Liz e Malcolm trascorrono un weekend in una baita isolata nel cuore di una foresta. Quello che dovrebbe essere un momento di intimità si trasforma lentamente in un incubo, tra presenze inquietanti e un oscuro legame con ciò che li circonda.

Recensione :

L’attesa (alta) e la delusione (ancora più alta)

Ero davvero curioso di vedere il nuovo film di Oz Perkins, soprattutto dopo aver apprezzato in tempi recenti Longlegs e The Monkey. Due titoli che avevano acceso l’entusiasmo della critica e alimentato aspettative importanti.

Diciamolo senza troppi giri di parole: Keeper è molto fumo e pochissimo arrosto.

 

Un’ora di vuoto narrativo

Il presupposto è classico: una coppia si rifugia in una baita per un fine settimana che, inevitabilmente, deraglierà verso l’horror. Fin qui, nulla di nuovo. Il problema è che per oltre un’ora di film non si comprende davvero quale sia l’obiettivo narrativo.

La regia è formalmente curata: bella fotografia, inquadrature studiate, ritmo lento ma controllato. Eppure la sensazione è quella di girare a vuoto. Lo spettatore continua a chiedersi: dove vuole portarci Perkins? Qual è il cuore della storia?

Il film si muove lentamente, forse troppo. E la tensione promessa non arriva.

L’incubo nell’open space

Perkins si concentra ossessivamente sulla struttura della baita, trasformandola in un open space inquietante e indefinito. Non si capisce dove inizi e dove finisca la casa, né cosa nasconda realmente.

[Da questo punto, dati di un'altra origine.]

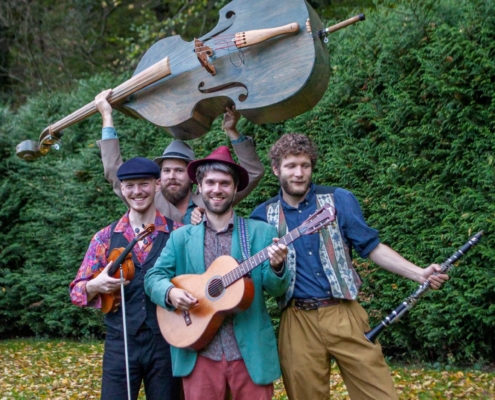 Akustické nástroje, živý kontakt s publikem a hudba, která dokáže být veselá, melancholická i strhující – Der Šenster Gob nejsou stylová rekonstrukce, ale hudba, která se skutečně žije.
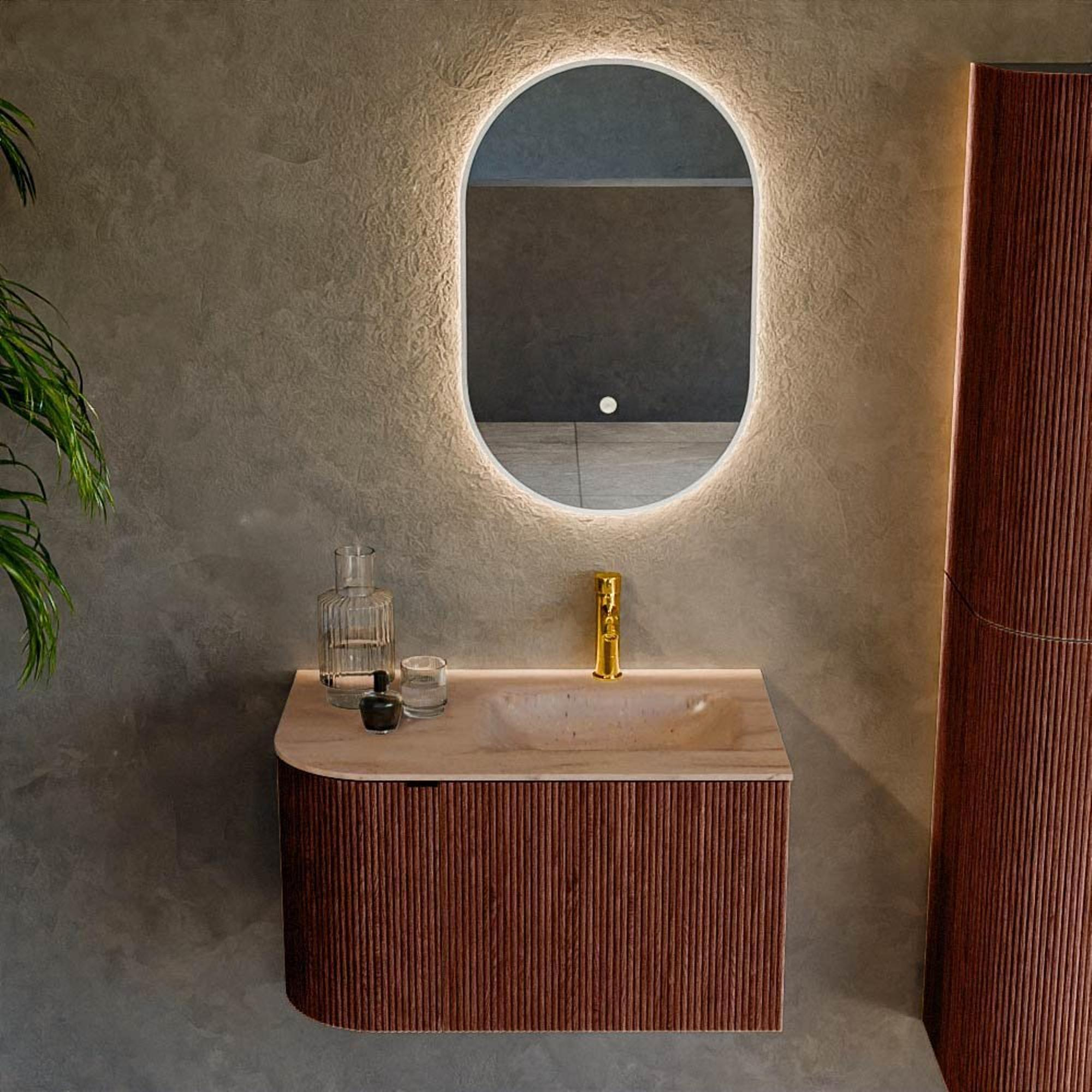 La teinte profonde Ruby confère immédiatement à votre salle de bains une ambiance haut de gamme, presque digne d’un hôtel. En combinaison avec les angles arrondis et la subtile courbe à gauche, le meuble paraît doux et élégant, sans perdre en sobriété. La façade rainurée avec texture verticale offre une profondeur supplémentaire et un aspect luxueux, ce qui permet au meuble de se marier aussi bien avec des carreaux neutres et sobres qu’avec des couleurs marquées. Comme le lavabo est positionné à droite, cette configuration convient parfaitement aux salles de bains où l’arrivée d’eau ou le miroir se trouve de ce côté. Vous créez ainsi un ensemble réfléchi qui n’est pas seulement agréable à regarder, mais aussi logique à utiliser.
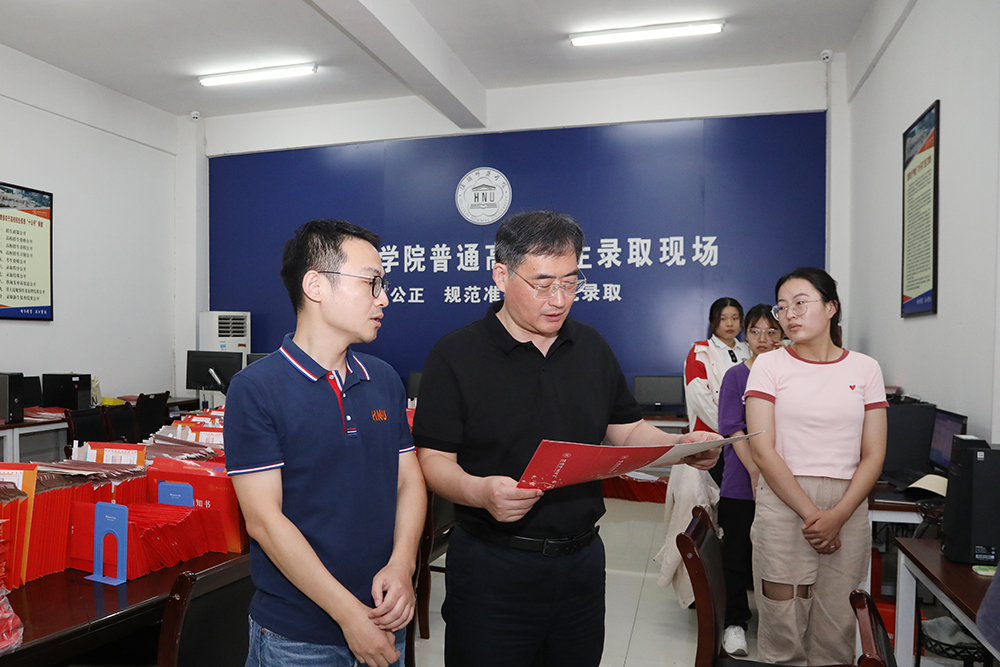 图为校党委书记尚洪波走访招生录取现场。记者 张菁菁 摄
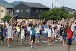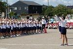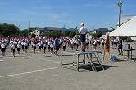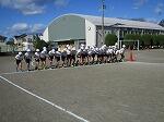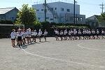 各育成会ごとに集合して整列し、あいさつの後、運動委員児童を手本として、ラジオ体操第1と第2を行いました。
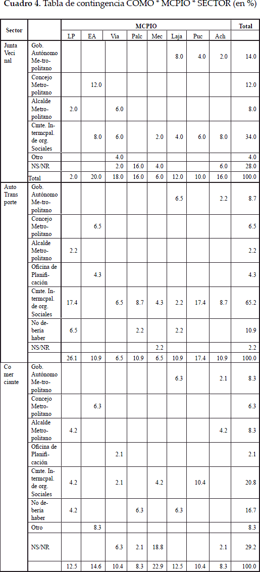El cuadro 4 expresa la convergencia de la pregunta ¿Cómo cree Ud. que debería funcionar un gobierno o administración metropolitano andino? por municipio y sector. Se observa que dos de los tres sectores coinciden en un mayoritario "Comité Intermunicipal de Organizaciones Sociales". Sólo en el sector del comercio, la opción más votada fue "No sabe / No Responde". Respecto a la segunda opción de preferencia en los sectores sociales, para el sector de juntas vecinales fue "No sabe / No Responde"; para el autotransporte fue "no debería haber"; para el sector del comercio fue "Comité Intermunicipal de Organizaciones sociales". De entre las opciones vinculadas a un proceso de institucionalización de la Metrópoli (Gob. Autónomo Metropolitano, Concejo Metropolitano, Alcalde Metropolitano) en el sector vecinal y el sector del autotransporte "gobierno Autónomo", tuvo mayor preferencia respecto de las otras dos; para el sector de comerciantes la preferencia fue en igualdad para "Gobierno Autónomo Metropolitano" y Alcalde Metropolitano. Finalmente, la opción "no debería haber" aparece entre autotransportistas y comerciantes, no así entre dirigentes vecinales.

L’idea visiva è interessante, ma resta un esercizio stilistico. Per oltre un’ora, Keeper sembra più un noir rarefatto o un thriller minimalista che un vero horror. Manca il morso. Manca l’urgenza.

Il risveglio finale (troppo tardi)

Solo nel finale il film sembra ricordarsi di appartenere al genere horror. Emergono allucinazioni, presenze demoniache, fantasmi. Si chiarisce il ruolo di Malcolm e il senso delle figure femminili intraviste all’inizio: vittime sacrificali di un meccanismo oscuro.

In una lettura più contemporanea, Malcolm incarna il maschio predatore che, dietro una facciata rassicurante, sfrutta e consuma la donna. Un sottotesto interessante, che però arriva tardi. Troppo tardi.

Il significato del titolo (L’Eletta in italiano) si comprende solo negli ultimi minuti. Ma nel frattempo il film ha già perso buona parte della sua forza.

Il trionfo di Tatiana Maslany

Se Keeper non crolla del tutto, il merito è di Tatiana Maslany. La sua interpretazione è intensa, fisica, borderline. Riesce a dare corpo e spessore a un personaggio che la sceneggiatura lascia spesso sospeso nel vuoto.

Maslany regge il film sulle spalle. Senza la sua presenza scenica, probabilmente la sensazione di inconsistenza sarebbe stata ancora più evidente.

Conclusione

In definitiva, Keeper è il film meno riuscito dell’ultimo percorso di Perkins. Se Longlegs e The Monkey avevano un’inquietudine persistente e una tensione capace di restare addosso, qui il regista sembra perdersi nei suoi stessi omaggi stilistici.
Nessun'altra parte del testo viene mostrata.